What is required:
Output nothing except the lines from the one containing "Fine British chips" through the final line of the data, both included, typed exactly, minus the pictures.

::::

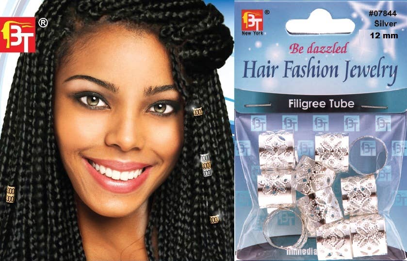 The Braid Jewelry Filigree Tube-12 mm Silver from MI Hair Distribution is the ultimate accessory for every woman's hair styling needs. This high-quality silver tube adds a touch of elegance to any braid, taking your hair game to the next level. It's not just about hair extensions, we also offer a wide variety of salon-quality hair accessories. We are committed to delivering the best in hair fashion from our warehouse in Tucker, Georgia, straight to your doorstep. Elevate your style today with our Braid Jewelry Filigree Tube.
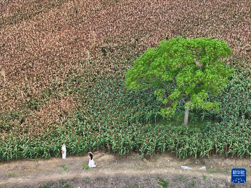 9月21日,游人在高粱地打卡拍照(無人機(jī)照片)。(新華社記者 季春鵬 攝)
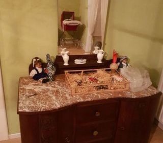 Coiffeuse avec miroir avec lumière led 1 tiroir Miroir pliable En bon état Interrupteur lumière un peu abîmé voir photo mais fonctionne. Remise en mains propres uniquement
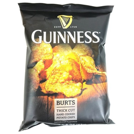 Fine British chips from Burts meets Guinness beer in this ultra unique, ultra crispy, and ultra crunchy bag of goodness! Made without artificial dyes or hydrogenated fats, these chips are made with the finest ingredients to give you a premium taste no matter where you munch on them!
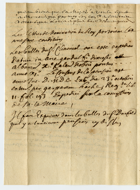 4. A proposito della lettera di Luigi XIV sulla nomina di Guglielmo Chevrel (1665 novembre 13)
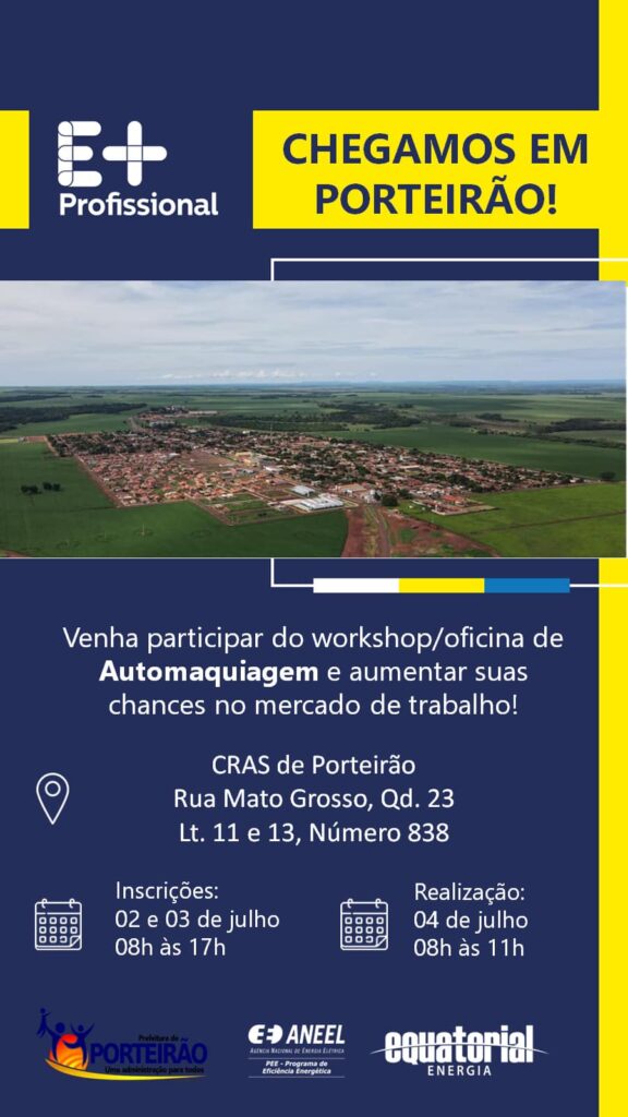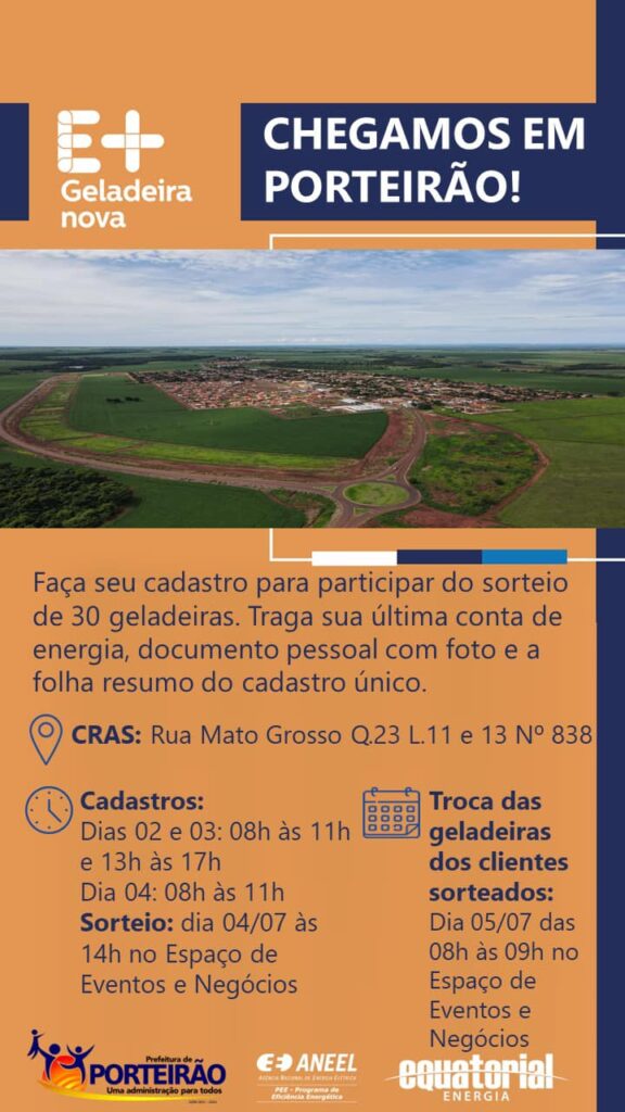 Os cadastros para o sorteio das geladeiras e curso/workshop, troca de lâmpadas será realizado no CRAS – Rua Mato Grosso Q.23 L.11 e 13 Nº 838.

::::

Output of the exercise:
 Fine British chips from Burts meets Guinness beer in this ultra unique, ultra crispy, and ultra crunchy bag of goodness! Made without artificial dyes or hydrogenated fats, these chips are made with the finest ingredients to give you a premium taste no matter where you munch on them!
 4. A proposito della lettera di Luigi XIV sulla nomina di Guglielmo Chevrel (1665 novembre 13)
 Os cadastros para o sorteio das geladeiras e curso/workshop, troca de lâmpadas será realizado no CRAS – Rua Mato Grosso Q.23 L.11 e 13 Nº 838.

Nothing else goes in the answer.